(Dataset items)
################

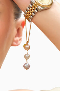 The Triplet Watch Charm features a striking combination of natural pearls in white, purple, and orange, accented by a delicate gold chain. Made from hypoallergenic brass and plated with 22k gold, this charm adds a vibrant and elegant touch to your watch or jewelry collection.
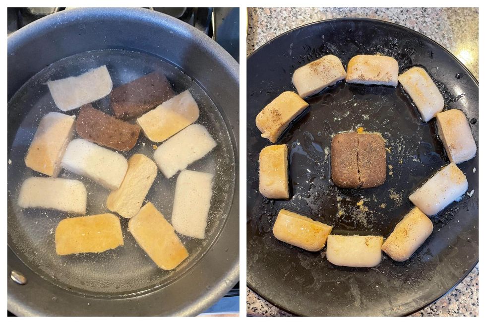 Once that was added, I began to toss the squares for 3 to 5 minutes until slightly browned and crisped.
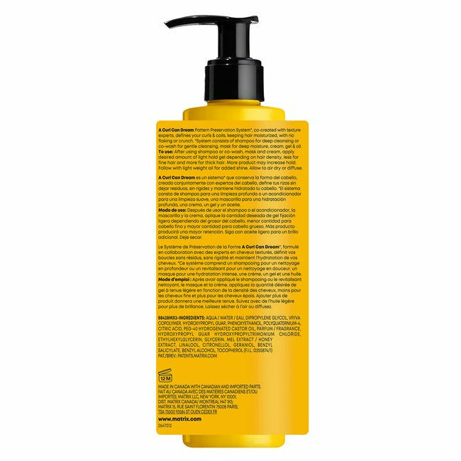 MATRIX: Total Results A Curl Can Dream Light Hold Gel a Curl Can Dream Light-Hold Gel for curls and coils, infused with Manuka honey extract. A defining gel that layers perfectly over Moisturizing Cream, without flaking or crunch. Free of silicones, sulfates, parabens, mineral oils, petrolatum and paraffins.
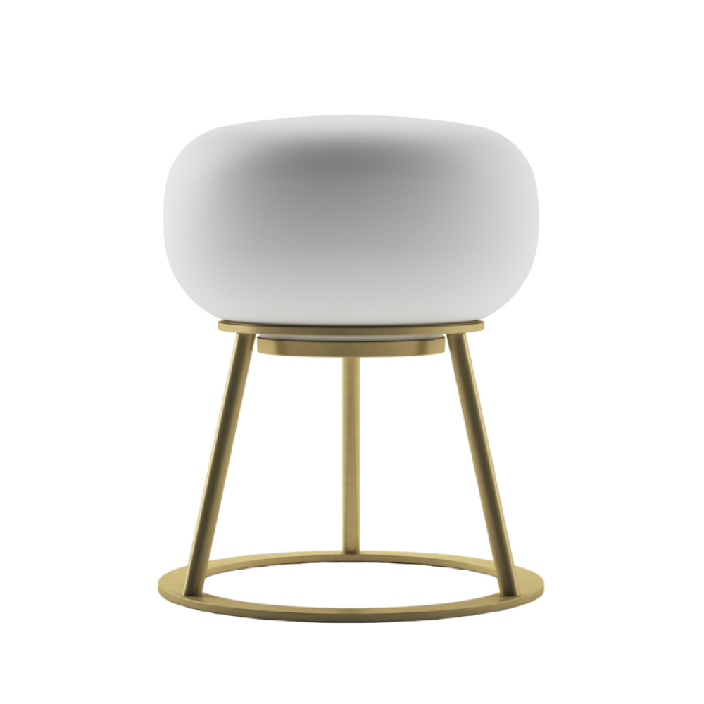 TRIPOD - where sculptural design meets luminous artistry. This statement piece features a striking white oval-shaped glass top delicately poised upon a refined metal tripod frame, creating an architectural silhouette that commands attention. The removable milky glass diffuser distributes light with exceptional evenness, eliminating harsh glare while bathing your space in a gentle, ambient glow. The precision-engineered tripod frame not only provides visual intrigue but offers remarkable stability for this portable indoor lighting solution. At Kibün by Bulbrite, we've leveraged over 50 years of lighting expertise to create a truly portable lighting solution. TRIPOD frees your space from the constraints of cords and outlets, offering remarkable flexibility for both indoor and outdoor settings. Experience customizable brilliance with three illumination levels - from subtle 60-lumen ambiance to brilliant 300-lumen task lighting. The 2700K warm white temperature and exceptional 90+ CRI ensures colors appear rich and true to life under TRIPOD’s gentle radiance. With substantial dimensions of 12" diameter and 14.75" height, TRIPOD makes a confident design statement at 11.2 pounds. Select from two timeless finishes - sophisticated Black or luxurious Brushed Brass - to complement your interior aesthetic.
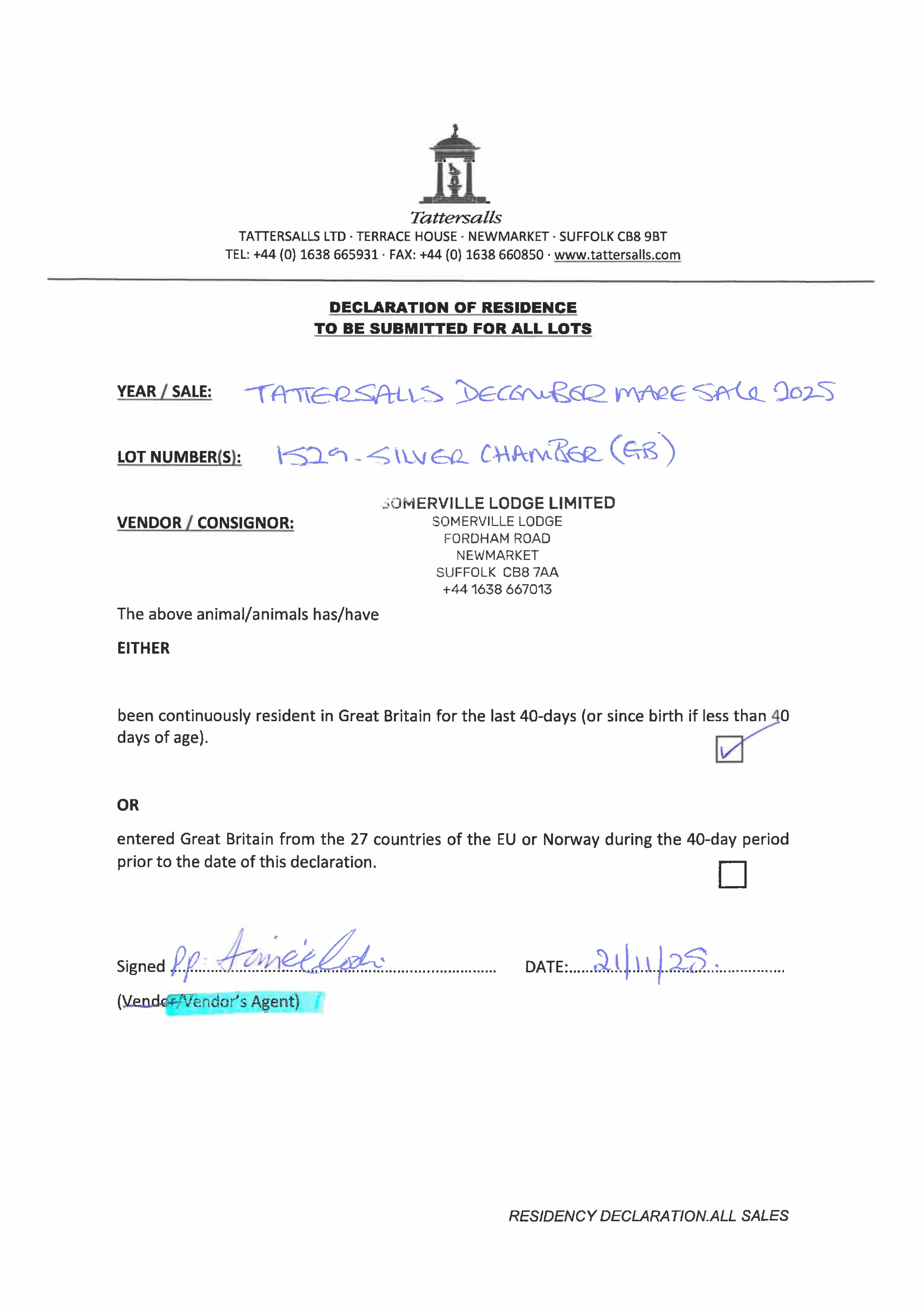Consignor: Somerville Lodge Ltd. (W. Haggas), Agent

################

YOUR GOAL: Set down the data above exactly as written. Omit the pictures.

EXERCISE SOLUTION:
 The Triplet Watch Charm features a striking combination of natural pearls in white, purple, and orange, accented by a delicate gold chain. Made from hypoallergenic brass and plated with 22k gold, this charm adds a vibrant and elegant touch to your watch or jewelry collection.
 Once that was added, I began to toss the squares for 3 to 5 minutes until slightly browned and crisped.
 MATRIX: Total Results A Curl Can Dream Light Hold Gel a Curl Can Dream Light-Hold Gel for curls and coils, infused with Manuka honey extract. A defining gel that layers perfectly over Moisturizing Cream, without flaking or crunch. Free of silicones, sulfates, parabens, mineral oils, petrolatum and paraffins.
 TRIPOD - where sculptural design meets luminous artistry. This statement piece features a striking white oval-shaped glass top delicately poised upon a refined metal tripod frame, creating an architectural silhouette that commands attention. The removable milky glass diffuser distributes light with exceptional evenness, eliminating harsh glare while bathing your space in a gentle, ambient glow. The precision-engineered tripod frame not only provides visual intrigue but offers remarkable stability for this portable indoor lighting solution. At Kibün by Bulbrite, we've leveraged over 50 years of lighting expertise to create a truly portable lighting solution. TRIPOD frees your space from the constraints of cords and outlets, offering remarkable flexibility for both indoor and outdoor settings. Experience customizable brilliance with three illumination levels - from subtle 60-lumen ambiance to brilliant 300-lumen task lighting. The 2700K warm white temperature and exceptional 90+ CRI ensures colors appear rich and true to life under TRIPOD’s gentle radiance. With substantial dimensions of 12" diameter and 14.75" height, TRIPOD makes a confident design statement at 11.2 pounds. Select from two timeless finishes - sophisticated Black or luxurious Brushed Brass - to complement your interior aesthetic.
Consignor: Somerville Lodge Ltd. (W. Haggas), Agent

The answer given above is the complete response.